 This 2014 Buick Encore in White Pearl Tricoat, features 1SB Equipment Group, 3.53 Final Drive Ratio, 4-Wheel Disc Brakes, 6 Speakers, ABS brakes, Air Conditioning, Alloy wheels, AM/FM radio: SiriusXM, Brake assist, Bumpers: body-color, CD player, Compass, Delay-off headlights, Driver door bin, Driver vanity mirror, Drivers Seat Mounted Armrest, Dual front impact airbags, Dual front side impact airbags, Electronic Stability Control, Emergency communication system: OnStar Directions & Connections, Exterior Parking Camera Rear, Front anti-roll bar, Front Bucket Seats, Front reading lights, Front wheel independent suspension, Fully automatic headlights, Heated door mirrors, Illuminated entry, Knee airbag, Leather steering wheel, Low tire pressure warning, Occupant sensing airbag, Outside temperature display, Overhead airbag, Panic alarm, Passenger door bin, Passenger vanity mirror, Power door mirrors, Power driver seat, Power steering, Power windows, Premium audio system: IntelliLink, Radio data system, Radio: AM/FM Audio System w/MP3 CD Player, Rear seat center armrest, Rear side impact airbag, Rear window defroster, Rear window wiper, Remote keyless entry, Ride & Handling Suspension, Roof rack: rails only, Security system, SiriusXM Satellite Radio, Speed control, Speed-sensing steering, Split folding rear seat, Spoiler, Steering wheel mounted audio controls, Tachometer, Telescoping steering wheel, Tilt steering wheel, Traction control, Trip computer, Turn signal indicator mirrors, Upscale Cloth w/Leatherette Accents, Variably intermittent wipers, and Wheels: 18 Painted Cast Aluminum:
---
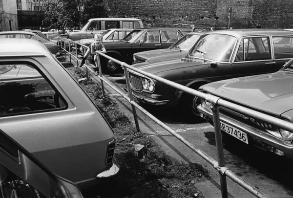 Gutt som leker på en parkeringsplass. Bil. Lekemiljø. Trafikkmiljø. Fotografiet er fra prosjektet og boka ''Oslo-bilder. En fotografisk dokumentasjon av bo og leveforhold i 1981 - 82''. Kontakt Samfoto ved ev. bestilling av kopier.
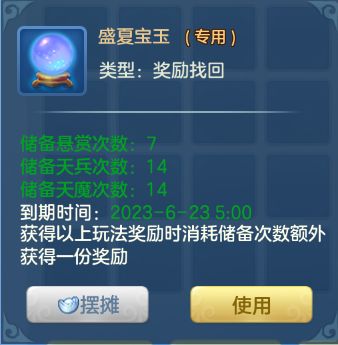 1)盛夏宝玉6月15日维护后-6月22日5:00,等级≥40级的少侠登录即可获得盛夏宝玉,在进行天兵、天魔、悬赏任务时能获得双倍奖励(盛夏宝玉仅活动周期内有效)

## Work item
An exact transcription is needed of the lines from the one with "Gutt som leker" to the one with "1)盛夏宝玉6月15日维护后" above, both ends included, with pictures left out.

## Result
 Gutt som leker på en parkeringsplass. Bil. Lekemiljø. Trafikkmiljø. Fotografiet er fra prosjektet og boka ''Oslo-bilder. En fotografisk dokumentasjon av bo og leveforhold i 1981 - 82''. Kontakt Samfoto ved ev. bestilling av kopier.
 1)盛夏宝玉6月15日维护后-6月22日5:00,等级≥40级的少侠登录即可获得盛夏宝玉,在进行天兵、天魔、悬赏任务时能获得双倍奖励(盛夏宝玉仅活动周期内有效)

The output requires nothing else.